Lo peor de todo, con diferencia, es que, para cuando yo vuelva, las fresas ya se habrán acabado. Y habrá cerezas y albaricoques y melocotones y melones y sandías, sí, pero las fresas se habrán terminado y no quedarán jugos en el fondo del vaso por beber. Esas cajas grandes de fresas que huelen como ninguna otra fruta sabe oler tanto y que allí, me costaban, depende del día, alrededor de 79 céntimos el kilo en la Boquería o 1,20 en los latinos de abajo y no estas de aquí de kilómetro cero pero que están a unos 8 euros el kilo. Quizás es uno de mis mitos de infancia, pero en este tipo de países las fresas las regalaban. Además, por desgracia, las fresas no es una de esas cosas que te traes cuando vienes con el coche, junto con cajas de té rojo hornimans. No, las fresas son efímeras y sucumben ante la llegada del primer calor serio y, sin embargo, son extremadamente más baratas en España que en Bélgica. Lo de aquí es de una crueldad insana que, por lo visto, te lo arregla cualquier épicier de barrio. De esos que aquí, en Ixelles apenas hay, porque apenas tiene sentido. Un barrio frecuentado por estudiantes que se alimentan de pastas, cervezas y pizzas precongeladas. En un lugar así, el único épicier que tiene sentido es el nightshop, el que te vende cervezas, el típico paki de Barcelona que tiene lo que quieres a esas horas: chocolate, alcohol, tabaco y chuches, pero no frutas y verduras.

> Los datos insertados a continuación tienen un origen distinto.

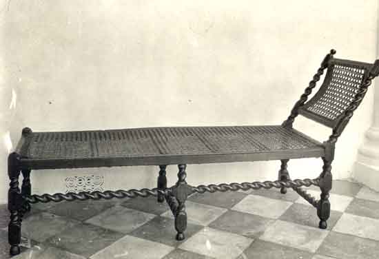 | dc.description.abstract | Photograph depicting a late 17th century Jacobean-style day bed from Groote Schuur. The legs and rails are barley sugar turned, and the head and seat are caned. See also description on p. 18, and Fig. 27 on p. 23 of the 1960 edition of "Eighteenth Century Furniture in South Africa" by G. E. Pearse. | en_US |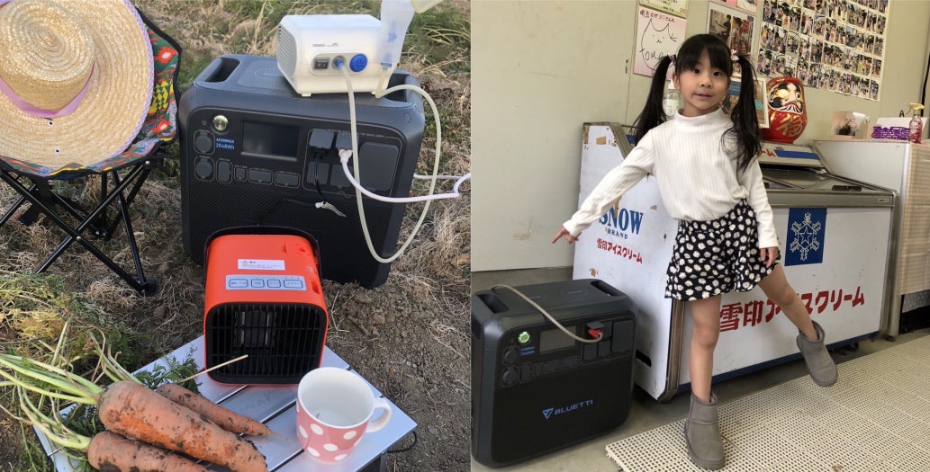 れいちゃんのアイス屋さんは、アイスクリームの商品特性から、かねてより停電への対応を課題とされていました。現在は、日中や夜間にアイスクリームを保管する冷蔵庫を離れる際にはAC200MAX+B230を接続して給電することで、停電の心配なく、ライフワークに取り組まれています。また、冬季の農作業時のヒーターの電源、娘さんの喘息の発作時の吸入器へのご使用にも役立っているとお喜びの声をいただいています。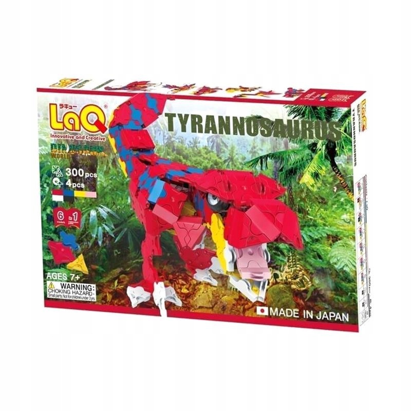 300 деталей; 4 спеціальні частини Hamacron; 6 схем побудови: «Тиранозавр», «Археоптерикус», «Діноніхус», «Карнотавр», «Плезіозавр», «Анкілозавр». 6 кольорів; Рекомендований вік: 7+ Рівень складності: Жорсткий; Деталі LaQ можна використовувати багаторазово, і набір можна використовувати для відновлення до 6 різних моделей різної складності. ЗРОБЛЕНО В ЯПОНІЇ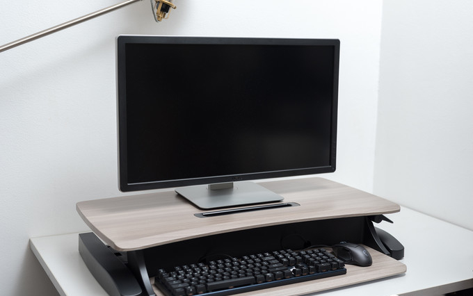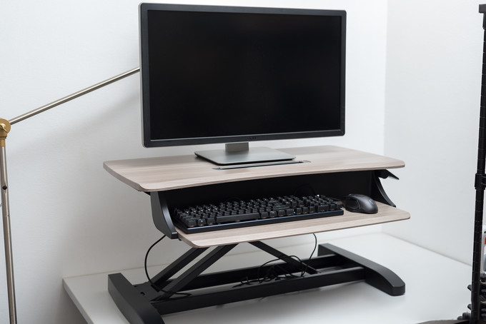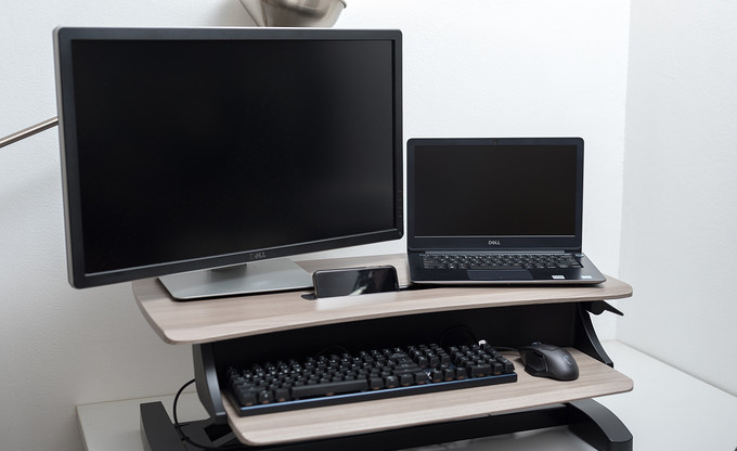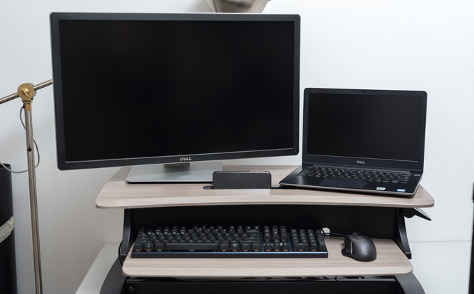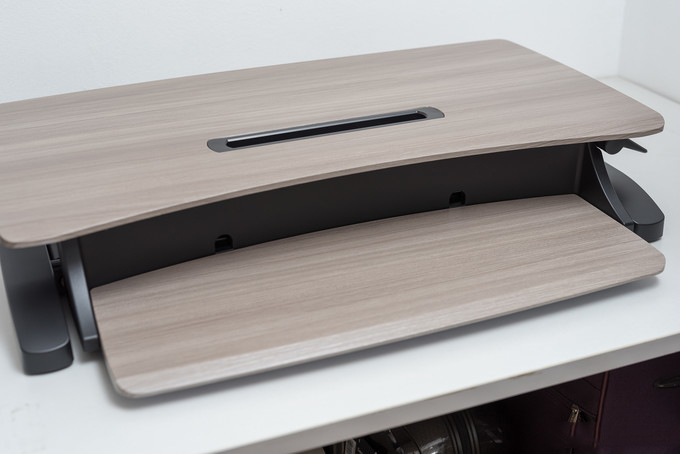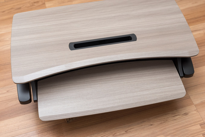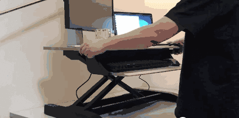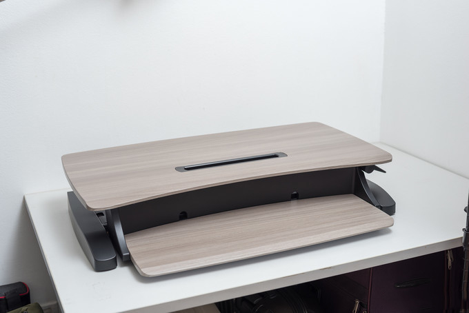 假设设备比较少的情况下(比如桌面就一台笔记本),升高操作是比较简单的,因为负重不多,下降的话起始阶段稍微按压下就可以缓慢下降;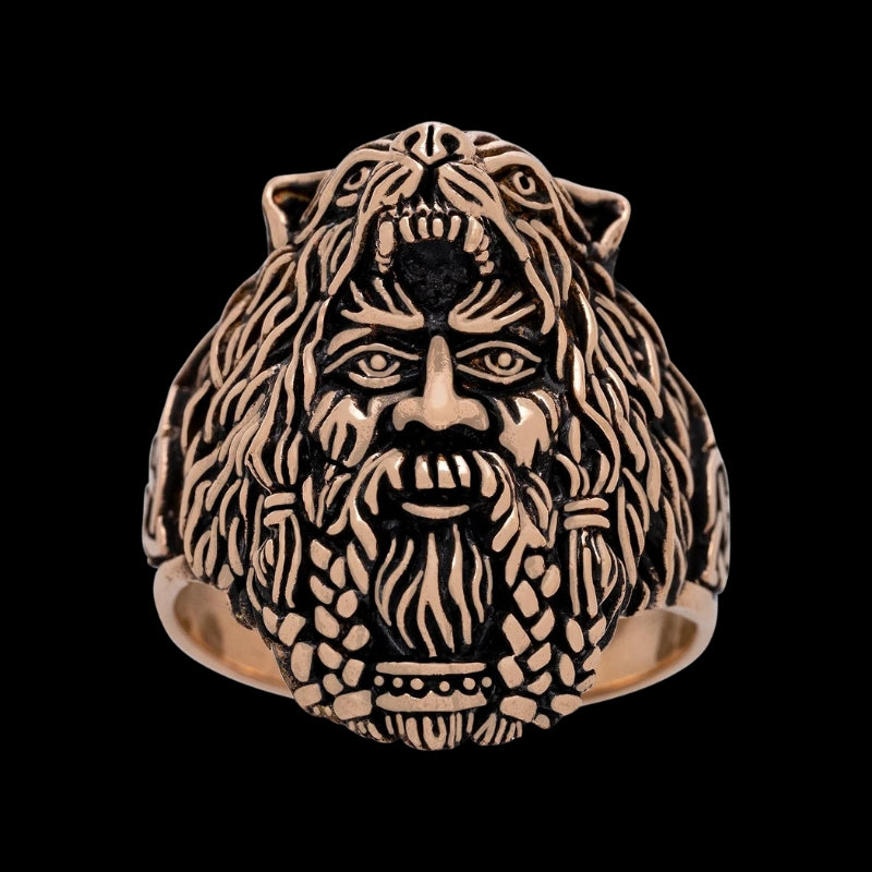 Ansiktet som avbildas på denna ring representerar en berserk vid höjden av sin vrede, som personifierar den skrämmande styrka som slog rädsla i fienders hjärtan. Björnhuvan är mer än bara en prydnad; den symboliserar den djupa kopplingen dessa krigare hade med naturens primala krafter. Att bära den här ringen handlar inte bara om stil, det handlar om att kanalisera den råa, ostoppliga kraft som berserkerna personifierade.

Probablemente, a no ser que mi nivel adquisitivo mejore substancialmente las próximas semanas, este será un año perdido respecto a las fresas. No habrá pasteles con o sin gluten ni nada que se le parezca. Me quedo, además, con las ganas de volver unos días solo para pasear por el Syp del Escorxador, por el sitio ese que ya no es nuevo y que lleva mucho tiempo ya, pero que para mí es nuevo, que hay en frente y que tiene cosas tan buenas, de recuperar los treinta minutos de sol al día que he perdido desde septiembre y de comer bien, de una cocina grande con cazuelas de barro para cocinar, de los típicos espagueti que había el día que llegaba hambriento del vuelo de las 15.40 desde Barcelona. Y también todo lo demás, el arroz de los domingos que hace mi padre, el café de los bares (¡qué café!), el pan moreno y el tomate y el aceite. Las berenjenas y los pimientos normales y también las berenjenas rayadas y los pimientos y los calabacines blancos. Un pisto, la coca de trempó, un pa amb oli, ensalada de tomates raf. Por no hablar de un cocarroi y una panada de carne y guisantes con cebolla, de coca de verduras con anchoa, de las sardinas de Castro, un revuelto de espárragos trigueros. Un pollo al ast, un cocido de garbanzos, migas con uva, queso con miel, membrillo y pan con ajo. Fideuá con un buen alioli, albóndigas caseras y tortillas de bacalao. Y, por favor, el arroz de los domingos que hace mi padre. No me olvido tampoco de las madalenas que hacía mi madre, ni de los flanes, ni de los pasteles de yogur -y no lo hago porque a las niñas también les hacen madalenas y flanes y pasteles- o de la empanada gallega.
He de reconocer, sin embargo, que, en este sentido, llevo ya un tiempo pensando en las cosas que sí me puedo llevar y que sí que caben en un coche lleno o en una maleta, o en una caja. Y, entre esta lista extraña, destaco: té rojo Hornimans, Sanex Zero, galletas de Inca, galletas María, embutido, garbanzos, lentejas, arroz, fideos, caldo de gallina blanca de pollo y también de pescado (si cabe), una paellera buena, gin Xoriguer, hierbas mallorquinas, mi senalla, aceite de oliva, jamón serrano, bonito o atún de este bueno, un tomate frito decente, membrillo, queso mahonés, queso manchego, pan moreno, masa de empanadillas, especias, libros de recetas, galletas napolitanas, tortas de anís, turrón de neula, ñoras, fuet, especias, el sol, la gente que me queda lejos.